**What the task asks:** Each line from the one that holds "After your day's" to the end of the records is to be retyped exactly. Pictures are not part of the copy.

**Records for the exercise:**

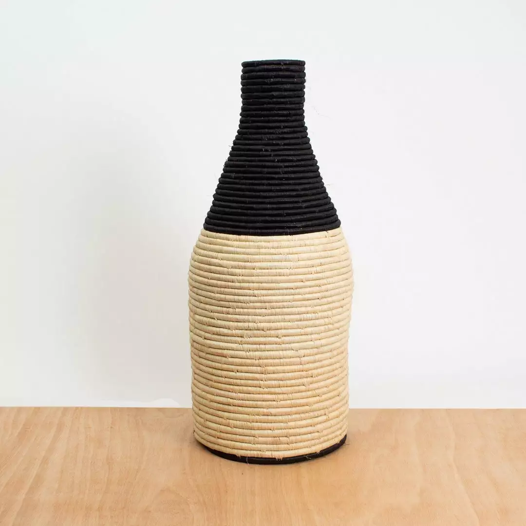 Intricately crafted with timeless tradition, this vase makes a stunning statement piece. One or more of these vases will make a globally conscious and stylistic addition to your home. Handwoven by a cooperative of women located in Uganda, this one of kind piece takes weeks to complete.
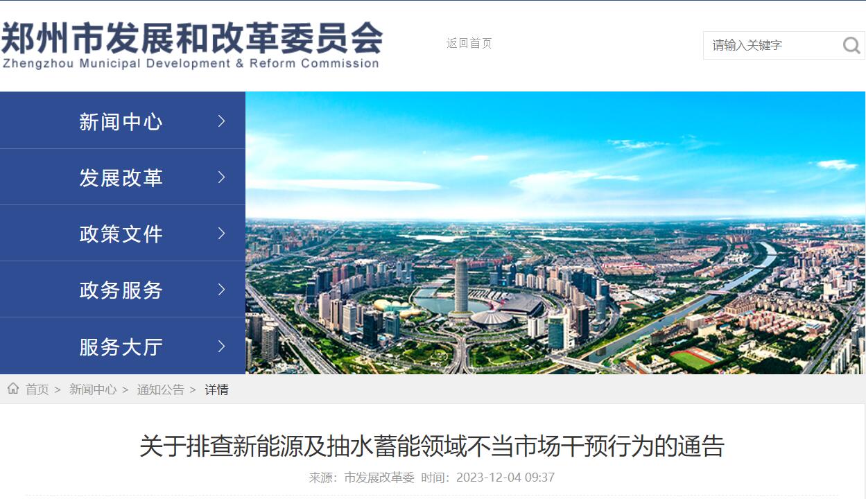 12月4日,河南鄭州發(fā)改委發(fā)布關于排查新能源及抽水蓄能領域不當市場干預行為的通告。一是強制要求配套產業(yè)。今年以來新能源及抽水蓄能領域,區(qū)縣(市)政府或相關部門,是否在相關文件中明確或者變相要求項目必須配套產業(yè)或者引入產業(yè);雖未明文規(guī)定,是否口頭強制要求配套產業(yè),或對于沒有允諾配套產業(yè)的項目和投資主體給予阻礙或明顯歧視政策。
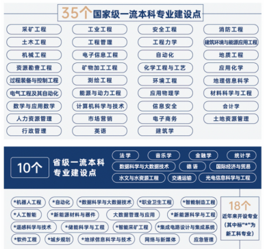 学校现有73个本科专业,35个国家级一流本科专业建设点,11个“教育部卓越工程师计划试点专业”和3个教育部综合改革试点专业。矿业类专业实力雄厚,百年来,为祖国培养出中国煤炭行业第一位中科院院士宋振骐、第一位工程院院士范维唐、香港地区第一位工程院院士陈清泉……
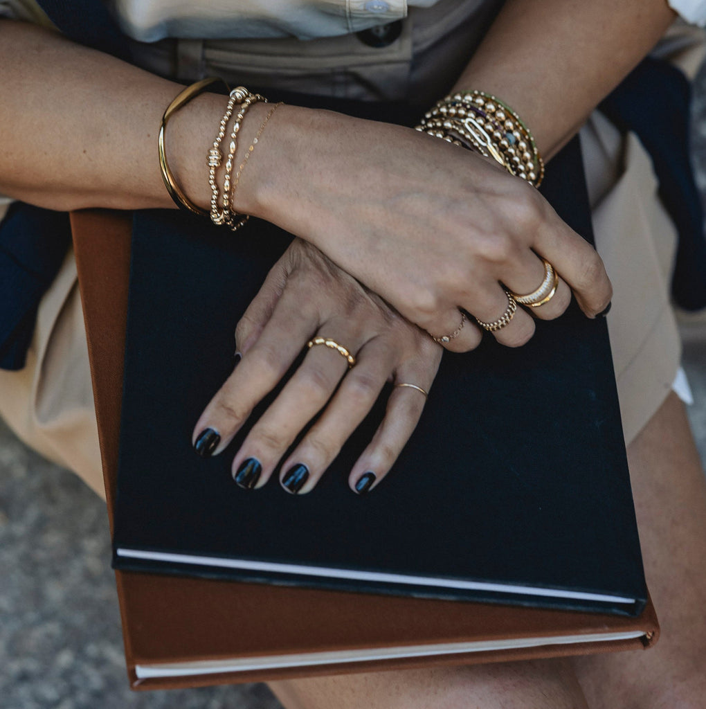 The Olive Bangle is an A+ in our books! This triangular shaped bangle will add lots of dimension to your stack. The Olive bangle is gold vermeil + adjustable to fit most wrists.
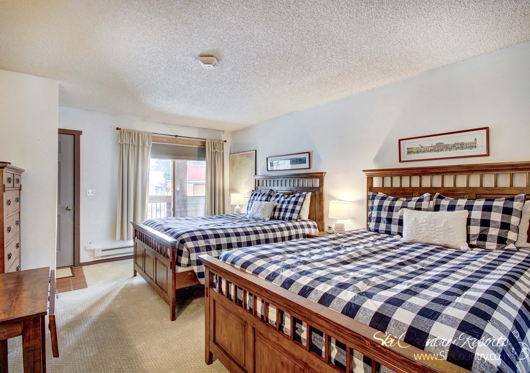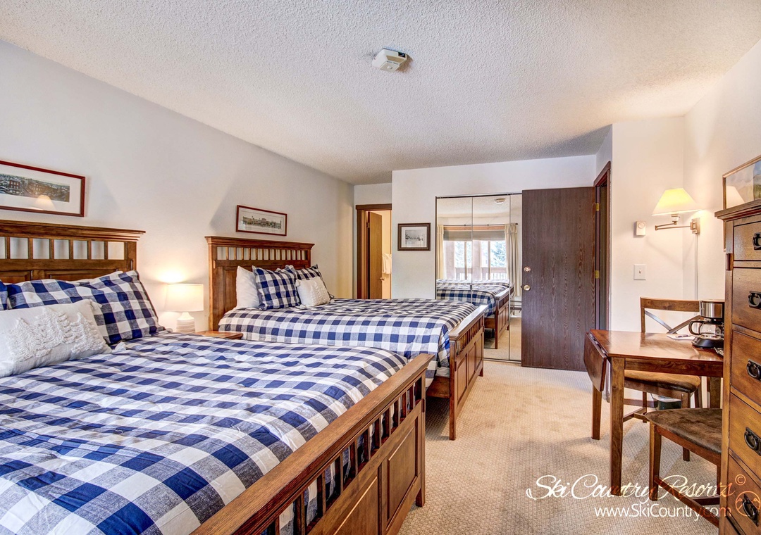 After your day's adventures, unwind in the cozy living room, adorned with a comforting gas fireplace and ample seating on two large couches and additional side chairs. A 32" flat-screen TV stands ready to entertain, presenting your favorite Blu-ray DVDs. Each bedroom is an oasis of comfort, one offering a King Bed and the other 2 Queen Beds and both offering a 26" flat-screen TV, their own newly remodeled bathroom as well as mini-fridge and coffee maker. Ample storage space can be found in each in the form of a full closet and large dresser.
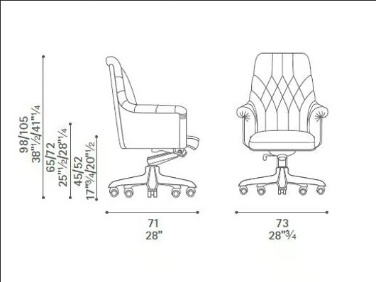 Der Executive Tufted Leather Chair Oxford ist so konzipiert, dass er eine breite Palette von Benutzern unterbringt, mit einer verstellbaren Sitzhöhe, die für verschiedene Schreibtischhöhen geeignet ist. Jeder Stuhl ist so gefertigt, dass er modernen ergonomischen Standards entspricht und optimalen Komfort und Unterstützung für alle Benutzer gewährleistet, was ihn zu einer vielseitigen Wahl für zeitgenössische Arbeitsumgebungen macht.

**Completed task:**
 After your day's adventures, unwind in the cozy living room, adorned with a comforting gas fireplace and ample seating on two large couches and additional side chairs. A 32" flat-screen TV stands ready to entertain, presenting your favorite Blu-ray DVDs. Each bedroom is an oasis of comfort, one offering a King Bed and the other 2 Queen Beds and both offering a 26" flat-screen TV, their own newly remodeled bathroom as well as mini-fridge and coffee maker. Ample storage space can be found in each in the form of a full closet and large dresser.
 Der Executive Tufted Leather Chair Oxford ist so konzipiert, dass er eine breite Palette von Benutzern unterbringt, mit einer verstellbaren Sitzhöhe, die für verschiedene Schreibtischhöhen geeignet ist. Jeder Stuhl ist so gefertigt, dass er modernen ergonomischen Standards entspricht und optimalen Komfort und Unterstützung für alle Benutzer gewährleistet, was ihn zu einer vielseitigen Wahl für zeitgenössische Arbeitsumgebungen macht.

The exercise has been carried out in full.